* _Work to be completed_
Give the data back exactly. Leave out any images.

* _Data extract_
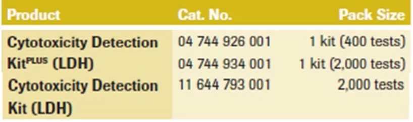 Cytotoxicity Detection KitPLUS (LDH)包含了Cytotoxicity Detection Kit (LDH) 的優(yōu)點(diǎn),同時額外增加試劑stop solution,操作更加簡便。
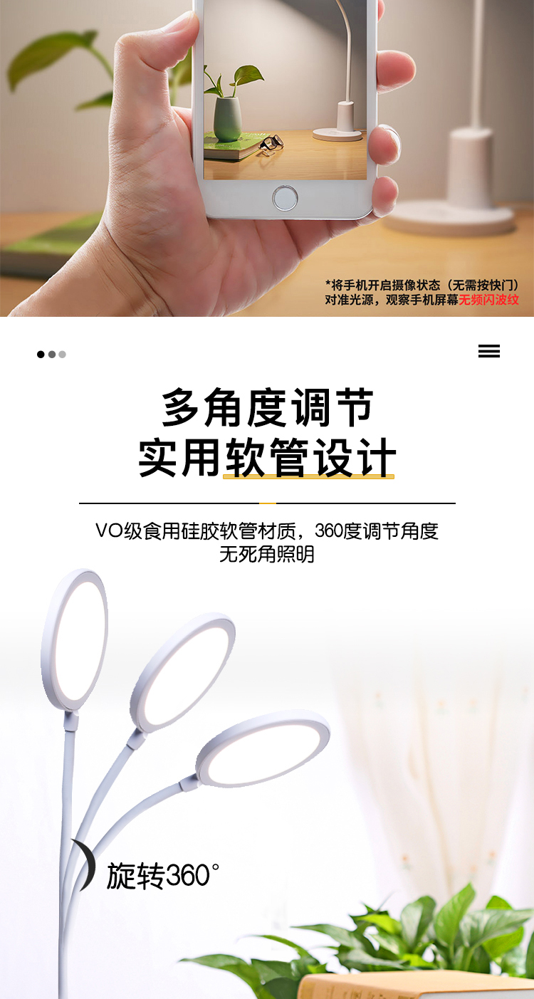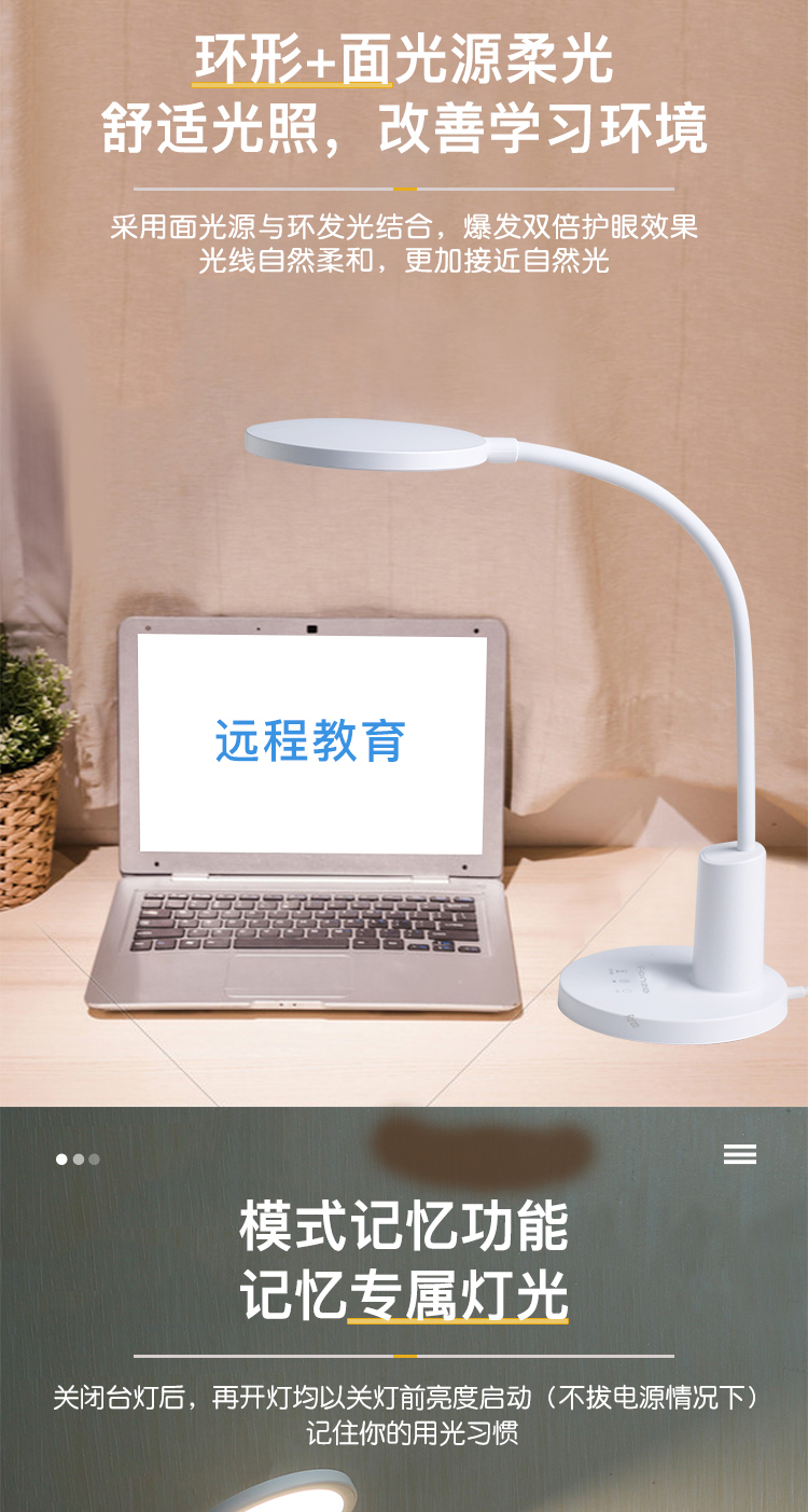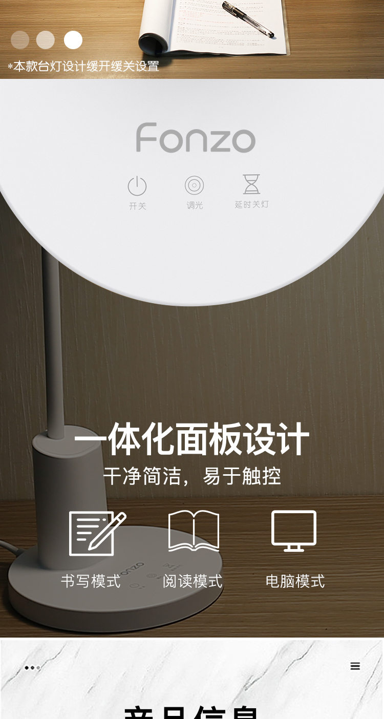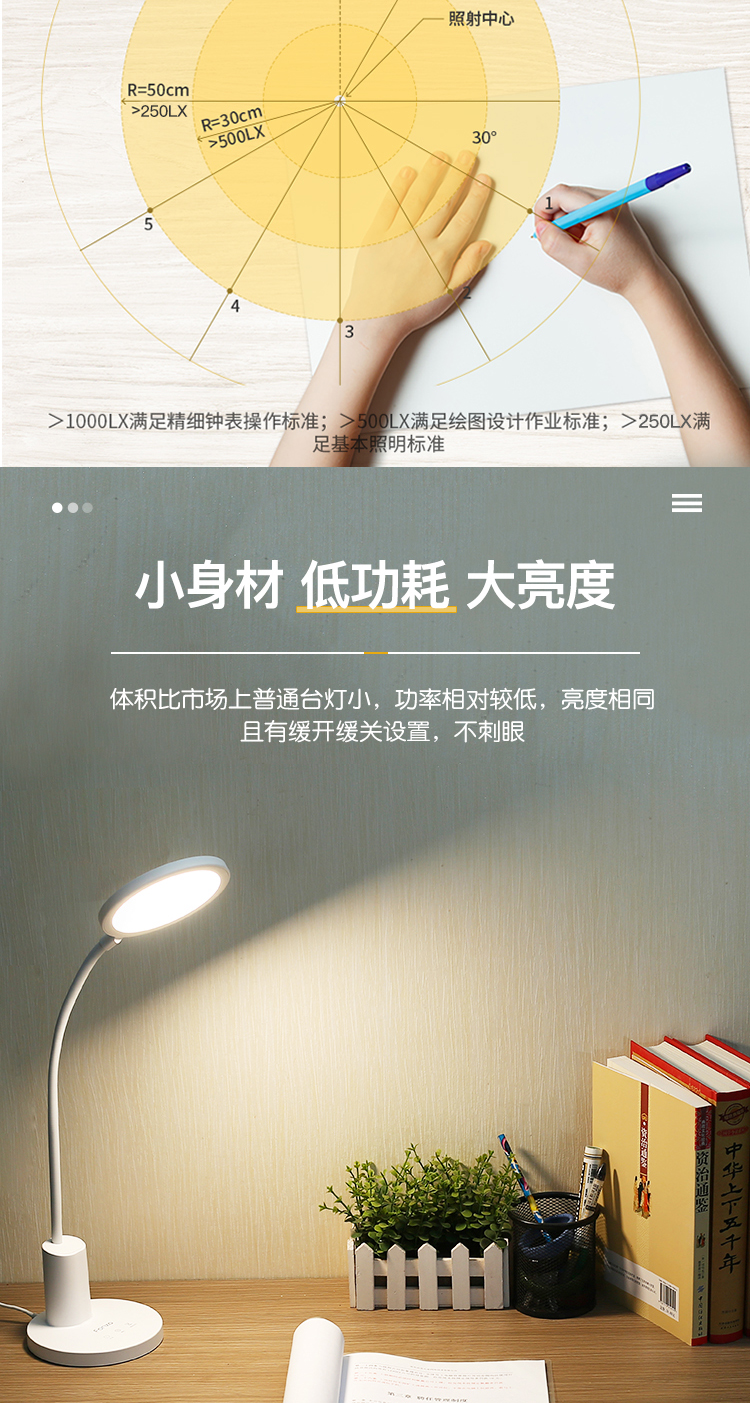 产品名称: 方舟LED学习台灯 产品型号: FDL-H669A 产品尺寸: 155*155*310mm 产品毛重:1.67kg 装 箱 数:16pcs 额定电压:220V-50HZ 额定功率:12.5W 输入电流:0.12A 控制方式:3键触控,3挡循环调光,开机进入最大挡AA照度,60秒延时关机
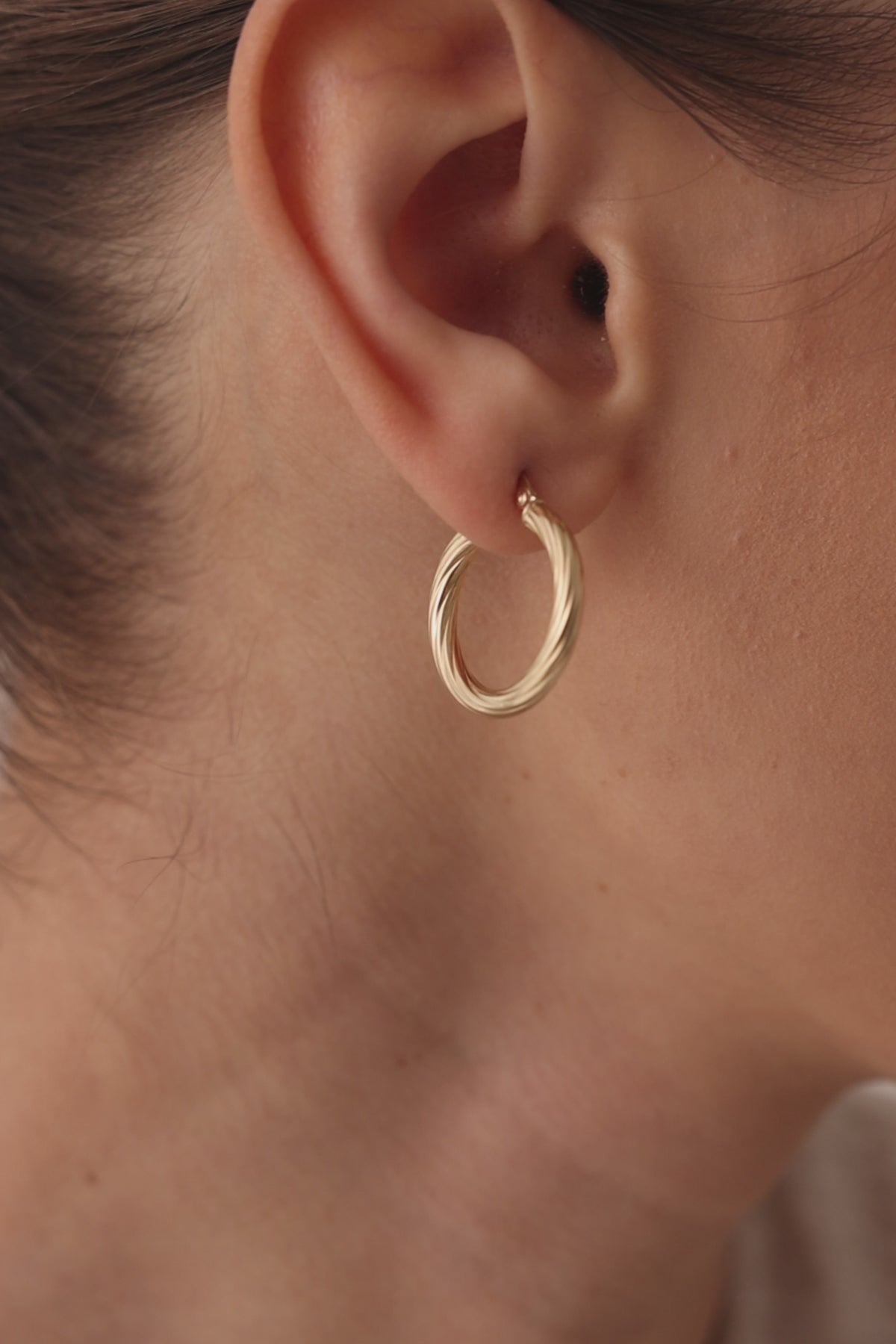14 Ayar Altın Desenli Halka Küpe 2,1 cm
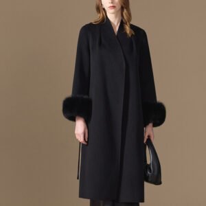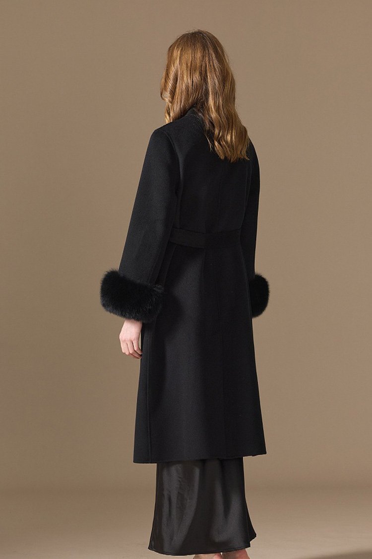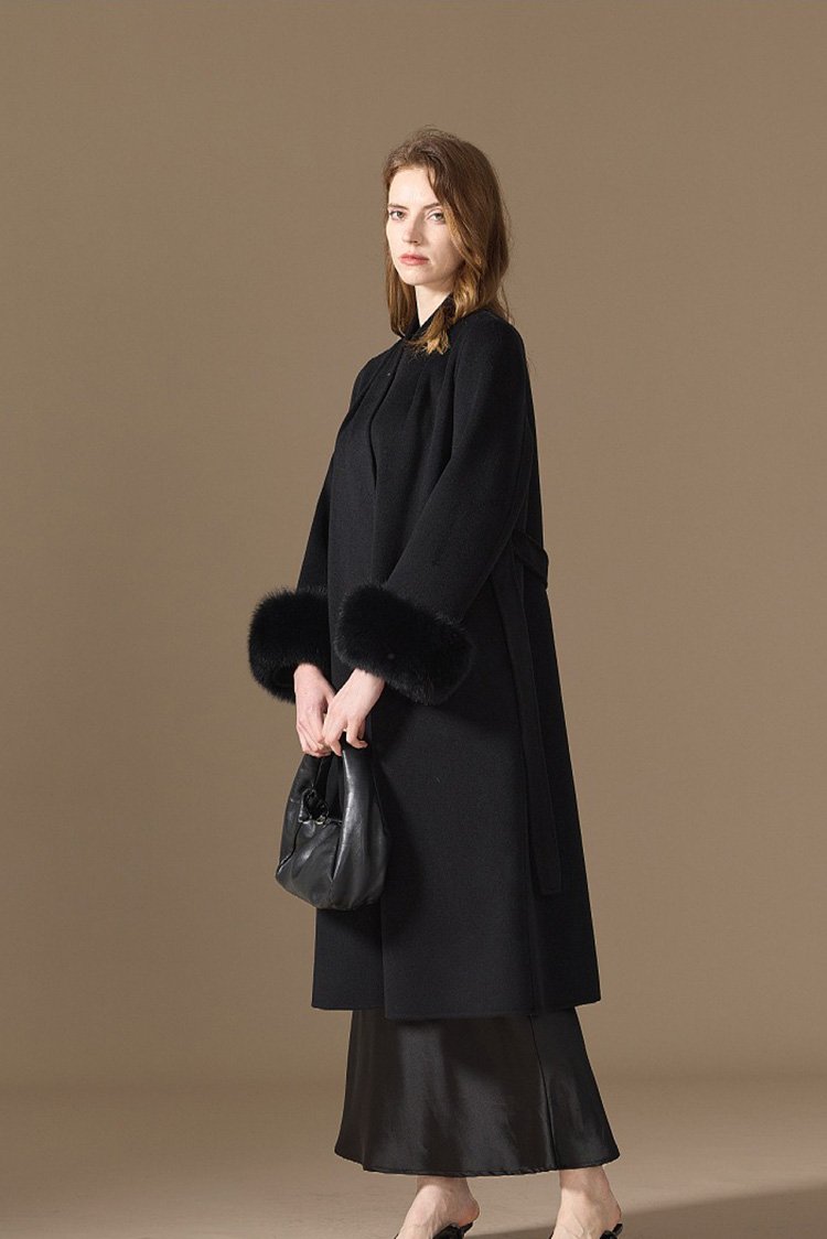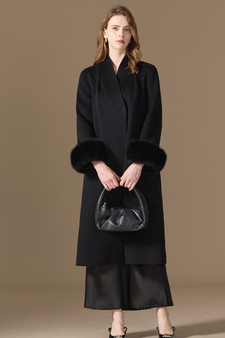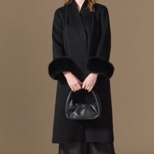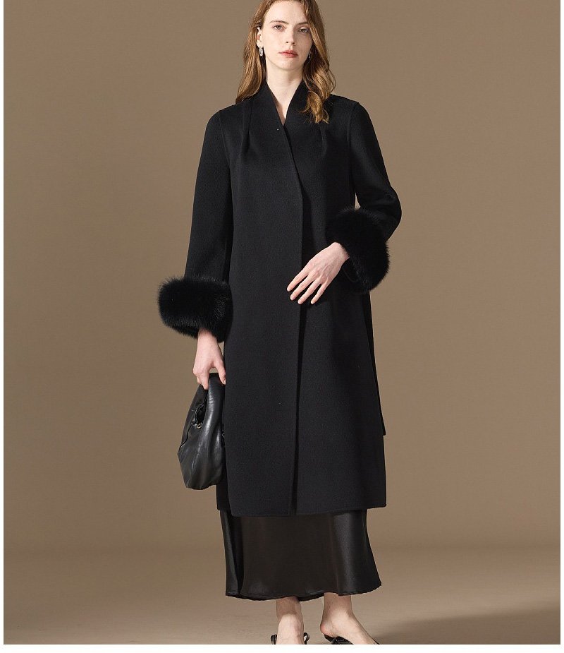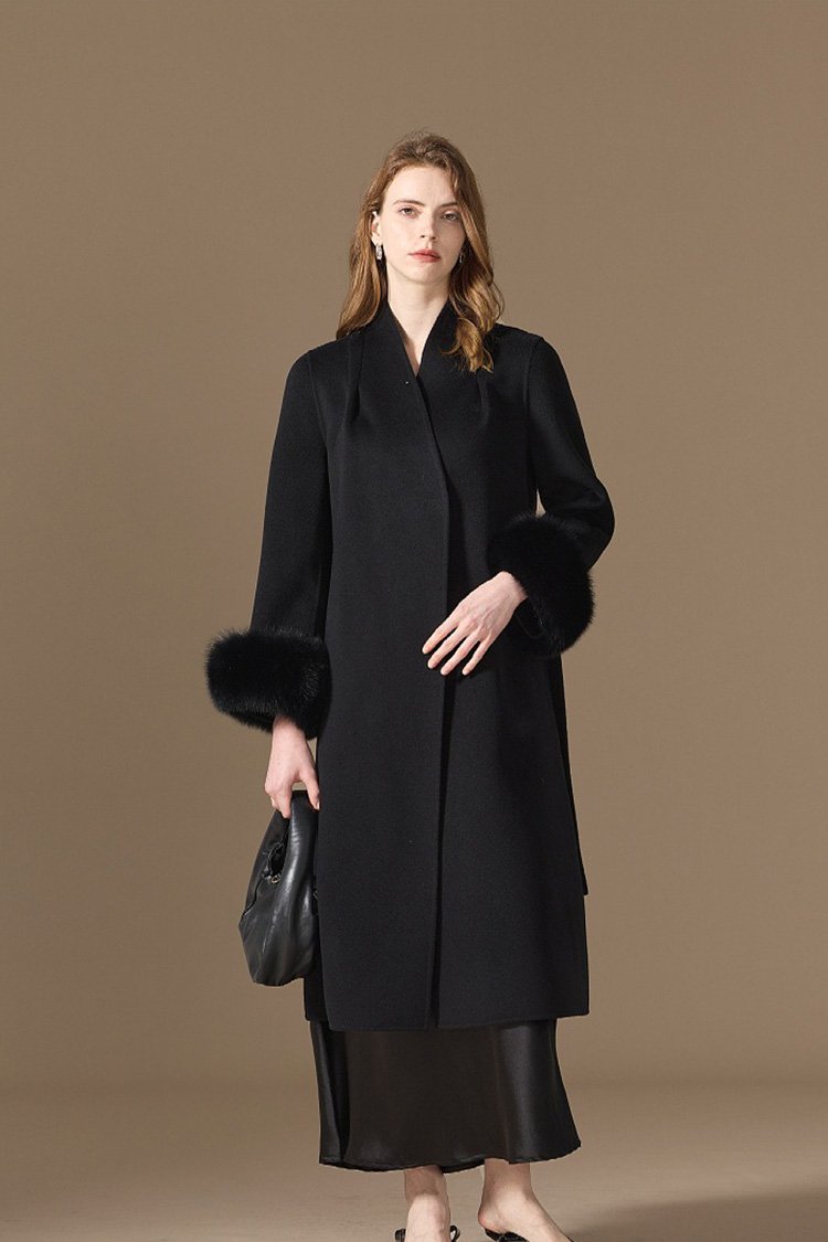 100% Cashmere Women’s Coat 2025 Winter New Arrival Solid Cashmere Collarless Wool Coat with Fox Fur Cuffs

* _Task answer_
 Cytotoxicity Detection KitPLUS (LDH)包含了Cytotoxicity Detection Kit (LDH) 的優(yōu)點(diǎn),同時額外增加試劑stop solution,操作更加簡便。
 产品名称: 方舟LED学习台灯 产品型号: FDL-H669A 产品尺寸: 155*155*310mm 产品毛重:1.67kg 装 箱 数:16pcs 额定电压:220V-50HZ 额定功率:12.5W 输入电流:0.12A 控制方式:3键触控,3挡循环调光,开机进入最大挡AA照度,60秒延时关机
14 Ayar Altın Desenli Halka Küpe 2,1 cm
 100% Cashmere Women’s Coat 2025 Winter New Arrival Solid Cashmere Collarless Wool Coat with Fox Fur Cuffs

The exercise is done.